Does evolution have a purpose? (Evolution)

by dhw, Saturday, October 18, 2014, 18:29 (3687 days ago) @ David Turell

dhw: (under “Origin of Life”): Still with my theist hat on, if God was clever enough to preprogramme the Cambrian jump into the first cells of 3.7 billion years ago, why do you insist that he can't have been clever enough to invent a 
mechanism that would work out its own way to cope with or exploit the new conditions?

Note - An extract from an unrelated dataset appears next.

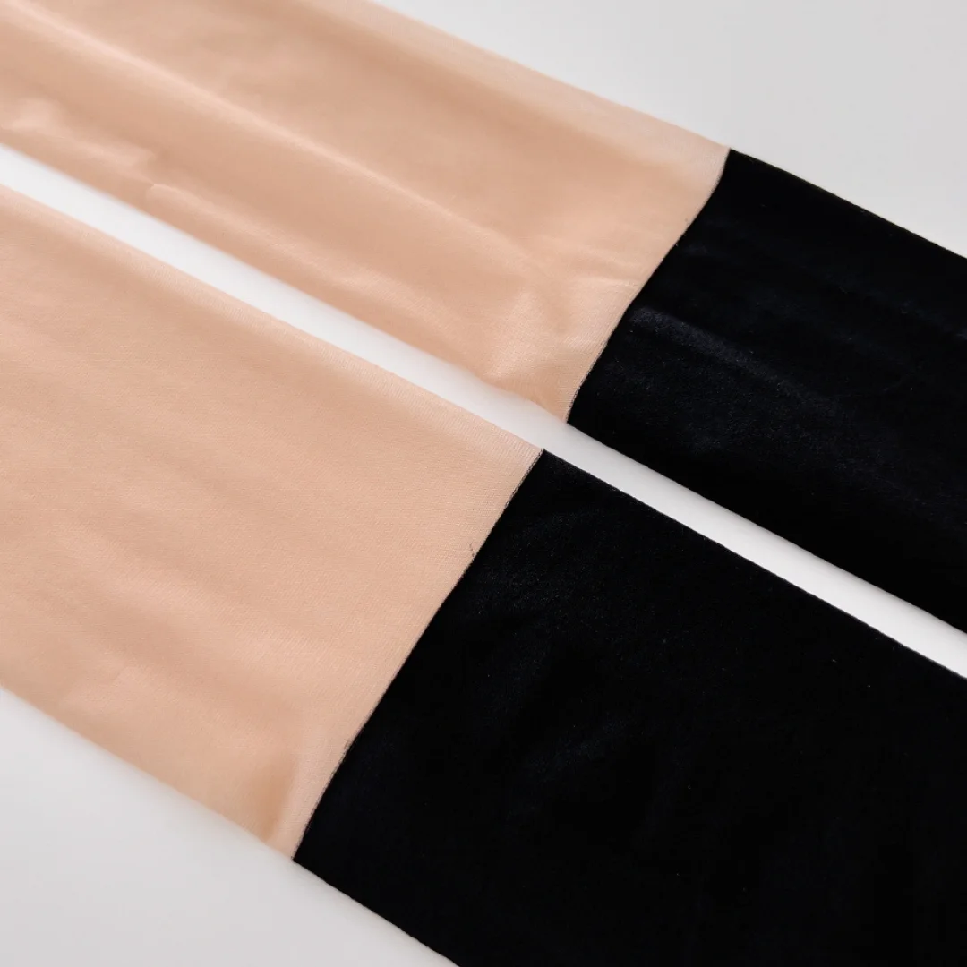 - Chất liệu cao cấp: Phần trên (màu da): 15 Denier, mỏng và nhẹ. Phần tất dưới (trắng/đen): 70 denier, dày dặn và chắc chắn.

DAVID: We have been over this before. A totally autonomous IM cannot possibly have the planning capacity for the Cambrian gap, unless given guidelines to follow. Of course God's capacity for planning can do it, or if He invented an IM, He gave it planning guidelines to follow, making it semi-autonomous.-Previously we agreed that the “guidelines” consisted of the constraints imposed on all organisms by the limitations as to what they can and can't do, and the demands of the environment. Now you are extending these guidelines to plans, which can only relate to the construction of the innovations that led to new species: i.e. new cell communities in the form of new organs, bones etc. We have used the kidney before as an example. What sort of “guideline” are you imagining? Did God insert into the first cells a programme that said: make an organ that will separate waste products from blood and turn them into urine, but it's up to you how you do it? If God was not capable of giving the IM the capacity to invent such complex organs, “planning guidelines” are a euphemism for precise plans, and back you go to your 3.7-billion-year-old preprogramming of all innovations, or your God jumping in with a dabble. “Semi-autonomous” fudges the whole issue. N.B. we are talking here about macroevolution - innovations, as opposed to adaptations and minor variations. This brings us to the next crucial area of your scenario.
 
dhw: So the IM was free to invent all these organs for dogs, but it was preprogrammed to produce ours. .... Two questions, then: do you think the IM freely(i.e. not preprogrammed) invented the doggy nose, eyes, ears, kidneys, legs, brain, or were they preprogrammed in the first cells? Do you think the IM freely (i.e. not preprogrammed) invented the human nose, eyes, ears, kidneys, legs, brain, or were they preprogrammed in the first cells? 
DAVID: I am trying to propose a slightly different IM than you imagine. It is pre-programmed to eventually produce humans. It is semiautonomous. It has specific pre-programmed guidelines as to how to respond to changes in environment with changes in phenotype, and it has the freedom of choice in following those guidelines, but cannot exceed those guidelines. Thus bushiness.-I have understood what you are proposing, and my response is as above, but we now have the IM preprogrammed to produce humans, and “specific pre-programmed guidelines” for changes in phenotype, which above were called “planning guidelines”. The autonomy consists of “freedom of choice in following those guidelines”. What does that mean? The IM is free to say it won't follow the planning guidelines?-If the IM is preprogrammed to produce humans, it must be preprogrammed to produce all the innovations that have led from bacteria to humans. You have reproduced my two questions, just as you reproduced the earlier question: “How can the built-in instructions to produce humans leave the IM free to invent the billions of innovations without which humans could not exist?” And you have not answered. I can only assume this is because you have now realized that in the context of macroevolution, your version of the IM has no autonomy at all.